Один единый для всех шаблон в привилегиях, как в той же Британии, где над нацией витал дух несправедливости и некомпетентности в рационировании времен Первой мировой войны, отсутствовал даже в отношении «соотечественников арийцев». В Германии начали с трех базовых категорий: «обычные потребители», «занятые на тяжелых работах» и «занятые на очень тяжелых». Дополнительные оговорки делались для трудящихся посменно или ночью. Отдельно стояли малыши, дети в возрасте 6–18 лет, беременные женщины и кормящие матери, а кроме того, больные.

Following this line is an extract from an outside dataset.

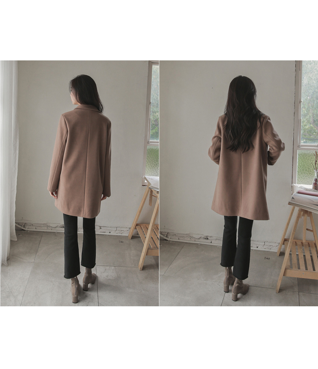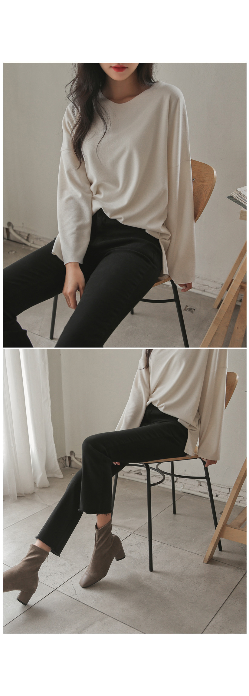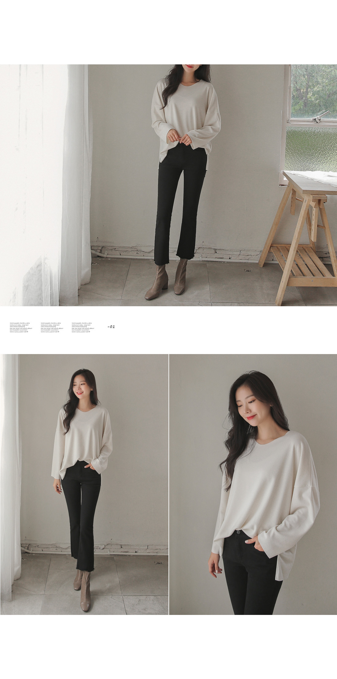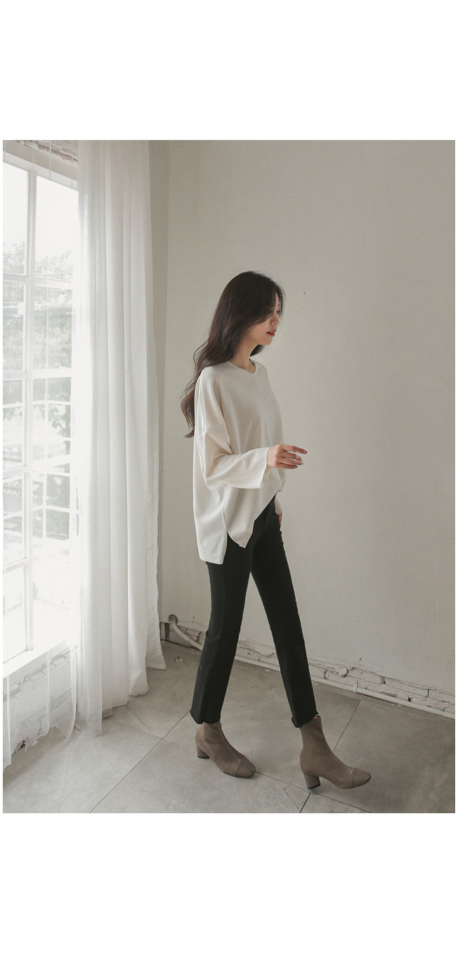 밑단의 자연스러운 컷팅 디테일로 포인트를 주었으며

К апрелю 1945 г. список разросся до шестнадцати различных категорий; в городах с населением свыше 10 000 жителей даже собакам полагались отбросы в соответствии со степенью полезности.

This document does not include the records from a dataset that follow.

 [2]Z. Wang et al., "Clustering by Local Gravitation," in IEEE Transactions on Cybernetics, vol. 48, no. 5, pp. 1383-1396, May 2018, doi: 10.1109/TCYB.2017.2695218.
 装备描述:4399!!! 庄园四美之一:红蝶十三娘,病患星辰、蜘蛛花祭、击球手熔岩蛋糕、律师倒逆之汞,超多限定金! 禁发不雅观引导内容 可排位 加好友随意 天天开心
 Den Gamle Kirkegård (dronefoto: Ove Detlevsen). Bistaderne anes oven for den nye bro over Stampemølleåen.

Система распределения основывалась на исследованиях в области питания. В 1937 г. объектом изучения выступали триста пятьдесят рабочих семей, в результате чего авторы вывели среднее необходимое потребление в 2750 калорий на человека ежедневно. В дальнейшем работа продолжилась, и под влиянием заинтересованных сторон картина претерпела изменения. Из Берлина зазвучали тревожные голоса о том, как бы нехватка протеина и жиров не вызвала бесплодие у девушек в подростковом и юношеском возрасте, что пошло бы во вред проводимой режимом политике поощрения рождаемости. Женщины воспользовались этим и заговорили о том, что, когда трудно прокормить имеющихся детей, нет смысла рожать новых. Глава Национал-социалистической народной благотворительности Эрих Хильгенфельдт настоял на введении программы «поддержки семьи» – выплат бедным семьям с целью помочь им выйти на должные нормы продовольственного потребления. На практике, однако, «поддержка семьи» отличалась изрядной скромностью, и задача ее состояла в том, чтобы не дать беднякам из немцев умереть с голоду, но при этом не нарушить «естественный порядок» меритократического социального отбора. То был механизм государственного распределения, нацеленный на обеспечение общественных потребностей, при этом никогда даже не пытавшийся выглядеть социалистическим или уравнительным[114].
Скоро немцы неизбежно осознали несправедливость системы. При положенных им 4200 калорий в день рабочие в промышленности, занятые на «очень тяжелом труде», получали по максимуму. Не подлежавшие призыву как «незаменимые», такие люди имели высокую квалификацию, и индустрия, прежде всего крупные оборонные заводы, не хотели их терять. Подобные фирмы и компании могли рассчитывать на содействие Германского трудового фронта и местного гауляйтера, поэтому без особого труда продвигали своих рабочих в «высшую лигу» потребителей. Так называемые белые воротнички из всевозможных бюро, торговых контор и тому подобных заведений не пользовались поддержкой, оказываемой работающим в военно-промышленном комплексе, и наряду со специалистами из среднего класса получали стандартную норму в 2400 калорий как «обычные потребители». Авторы исследований данного вопроса по заказу Германского трудового фронта еще в сентябре 1939 г. предупреждали, что карточная система поднимет уровень потребления у одной половины населения и снизит – у другой. Перераспределение ресурсов среди взрослых граждан произошло в том числе и от более старших к более молодым: сравнения данных по состоянию на декабрь 1937 г. и февраль 1942 г. в отношении 1774 лиц позволили установить, что работающие мужчины в возрасте 55–60 лет и женщины – 60–65 лет теряли вес, тогда как 20–30-летние мужчины и 20–35-летние женщины, напротив, набирали его. Материальное процветание молодых отражалось и в ослаблении контроля над ними со стороны социума и семьи[115].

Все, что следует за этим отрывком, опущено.